● Exercise brief: The whole listing below is to be copied exactly, with every picture left out.

━━ Data provided ━━

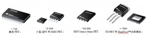 小型電池供電工具和家用電器占用的10A-30A空間是5mm×6mm QFN的最佳選擇。除此之外,電流更高的電動(dòng)和園藝工具傾向于并聯(lián)多個(gè)FET,或采用如D2PAK的大型封裝器件或如TO-220的通孔封裝。這些封裝可容納更多硅,從而降低電阻、提高電流能力和優(yōu)化散熱性能。在大型散熱器上安裝通孔封裝可實(shí)現(xiàn)更多損耗,并可消耗更多功率。
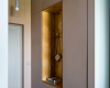 Зодиак. Покровское-Стрешнево 86 кв.м. Москва Интерьер построен вокруг ретро-палитры в серо-голубых оттенках и терракоты с ярким акцентом в ванной. Создавая ретро-настроение, выбирали мебель с характерными силуэтами того времени и предметы mid- century. Проект получился, как кадр из старого фильма, — сдержанный, стильный и романтичный.
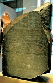 大英博物馆的镇馆之宝是埃及馆入口处的罗塞塔石碑(Rosetta Stone),高1.14 米,宽0.73 米,制作于公元前196 年。一块石头上,刻上了一段文字,成了解读历史的钥匙。这就是文字的力量。石碑上用三种文字镌刻了古埃及国王托勒密五世登基的诏书,最上面是14 行古埃及象形文,中间32 行是埃及通用文字,再下面是54 行古希腊文。当时的埃及臣服于希腊的亚历山大帝国,这就是碑文上有古希腊文字的原因。通过文字对比,考古学家就可以解读一直被视为“天书”的古埃及象形文字。这块罗塞塔石的来历十分曲折。拿破仑率领的法军在1799 年占领了埃及,一位法军上尉在尼罗河三角洲上一个称为罗塞塔的港口发现这块石头。法国军官认为这块黑色玄武岩石有研究价值,遂按其发现地被命名为罗塞塔石碑。 1801 年,拿破仑的军队被英军打败投降。法军在撤退时,将罗塞塔石碑藏在一艘小船上,企图运回巴黎,却被英军截获。罗塞塔石碑在1802 年时运抵英国,并且以英王的名义捐献给大英博物馆作为收藏,成了镇馆之宝。
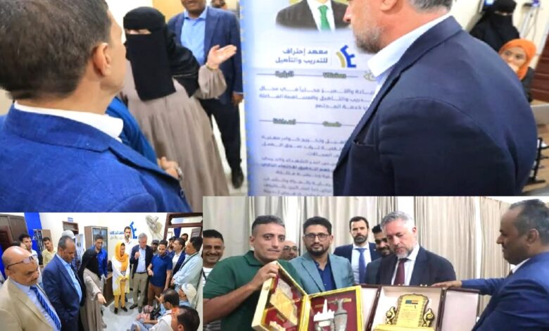 خلال زيارته معهد احتراف.. مؤسسة الشيخ حمود المخلافي تكرم سفير الاتحاد الأوروبي تقديراً لجهوده الإنسانية والتنموية

━━━

● Exercise output:
 小型電池供電工具和家用電器占用的10A-30A空間是5mm×6mm QFN的最佳選擇。除此之外,電流更高的電動(dòng)和園藝工具傾向于并聯(lián)多個(gè)FET,或采用如D2PAK的大型封裝器件或如TO-220的通孔封裝。這些封裝可容納更多硅,從而降低電阻、提高電流能力和優(yōu)化散熱性能。在大型散熱器上安裝通孔封裝可實(shí)現(xiàn)更多損耗,并可消耗更多功率。
 Зодиак. Покровское-Стрешнево 86 кв.м. Москва Интерьер построен вокруг ретро-палитры в серо-голубых оттенках и терракоты с ярким акцентом в ванной. Создавая ретро-настроение, выбирали мебель с характерными силуэтами того времени и предметы mid- century. Проект получился, как кадр из старого фильма, — сдержанный, стильный и романтичный.
 大英博物馆的镇馆之宝是埃及馆入口处的罗塞塔石碑(Rosetta Stone),高1.14 米,宽0.73 米,制作于公元前196 年。一块石头上,刻上了一段文字,成了解读历史的钥匙。这就是文字的力量。石碑上用三种文字镌刻了古埃及国王托勒密五世登基的诏书,最上面是14 行古埃及象形文,中间32 行是埃及通用文字,再下面是54 行古希腊文。当时的埃及臣服于希腊的亚历山大帝国,这就是碑文上有古希腊文字的原因。通过文字对比,考古学家就可以解读一直被视为“天书”的古埃及象形文字。这块罗塞塔石的来历十分曲折。拿破仑率领的法军在1799 年占领了埃及,一位法军上尉在尼罗河三角洲上一个称为罗塞塔的港口发现这块石头。法国军官认为这块黑色玄武岩石有研究价值,遂按其发现地被命名为罗塞塔石碑。 1801 年,拿破仑的军队被英军打败投降。法军在撤退时,将罗塞塔石碑藏在一艘小船上,企图运回巴黎,却被英军截获。罗塞塔石碑在1802 年时运抵英国,并且以英王的名义捐献给大英博物馆作为收藏,成了镇馆之宝。
 خلال زيارته معهد احتراف.. مؤسسة الشيخ حمود المخلافي تكرم سفير الاتحاد الأوروبي تقديراً لجهوده الإنسانية والتنموية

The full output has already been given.